普段なら、オフィスに戻ってから、親会社であり上司でもあるIDGの会長、パット・マクガバン氏に電話するところだった。しかし、あまりにも興奮していたので、待てなかった。
そこで私はブリーフケースから、レンガのように重くてゴツゴツしたモトローラの「ダイナタック」携帯電話を取り出し、10インチのアンテナを取り付けて、マサチューセッツ州フレーミングハムにあるマクガバンのオフィスに電話をかけた。マクガバンはほとんどの時間を、当時世界のほぼすべての近代国家、さらにはブラジルやウガンダといった意外な発展途上国に展開していたコンピュータ雑誌社の調査のために、地球の隅々まで飛び回っていた。
私は彼と話すつもりはなく、ただメッセージを残すだけだったのですが、驚いたことに彼は実際にそこにいました。

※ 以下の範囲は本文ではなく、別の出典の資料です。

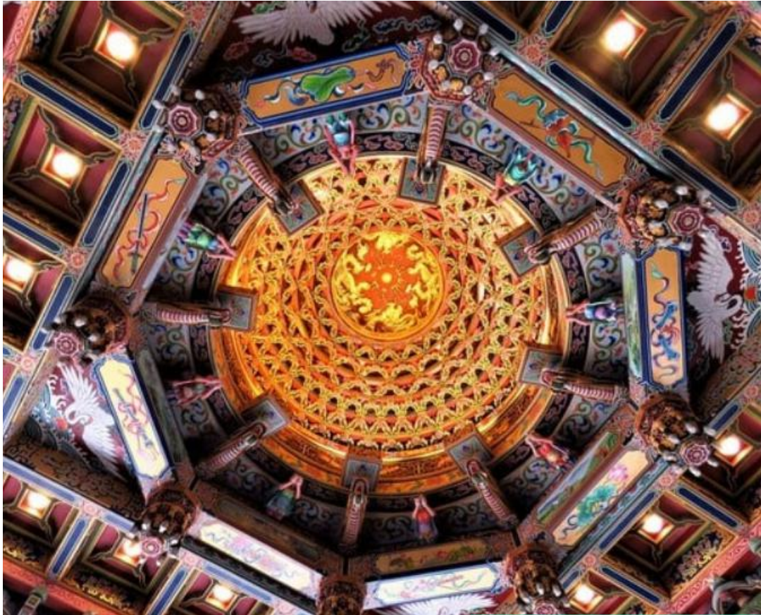
台南南鯤鯓代天府藻井

「パットおじさん」と、みんなが愛情を込めて呼んでいた名前で言った。「パットおじさん、こちらはデビッド・バネル。アンドリューと一緒にクパチーノから車に乗って帰ってきたところです。そこでスティーブ・ジョブズに会ったんです。そう、本物のスティーブ・ジョブズが、実際に私たちにMacintoshを見せてくれたんです!本当に素晴らしかった。今まで見た中で最高のコンピューター。PCより断然いいですよ。」
「彼らがそれを実現できるとどうしてわかるのですか」とマクガバン氏は尋ねた。「彼らは Apple III を納品しなかったし、Lisa も大幅に遅れました。」
「今回は違うとスティーブは言っています。発表当日の朝には、1万店のパソコンショップにMacが並ぶ予定です。そして、初年度は最低でも60万台を販売できると見込んでいます。」
「IBMの家庭用コンピュータはどうですか?PC WorldでIBMのフランチャイズを展開しているのに、なぜこれをベースにしないのですか?」
「パットおじさん、心配しないで」と私は答えました。「ピーナッツの雑誌も作りますよ。」
この時点で、アンドリューは私に中指を立てた。彼はIBMの雑誌をまた作るというアイデア自体が大嫌いだった。Macworldをやるだけでも十分大変なのに。
PC Worldはまだ黎明期にあり、 PC Magazineの発行元であるZiff-Davisという、はるかに規模の大きい会社との熾烈な競争を繰り広げていました。今振り返ってみると、私は何でもできると夢想する熱狂的な人間でした。Andrewはより選択的で、より計画的な人間でした。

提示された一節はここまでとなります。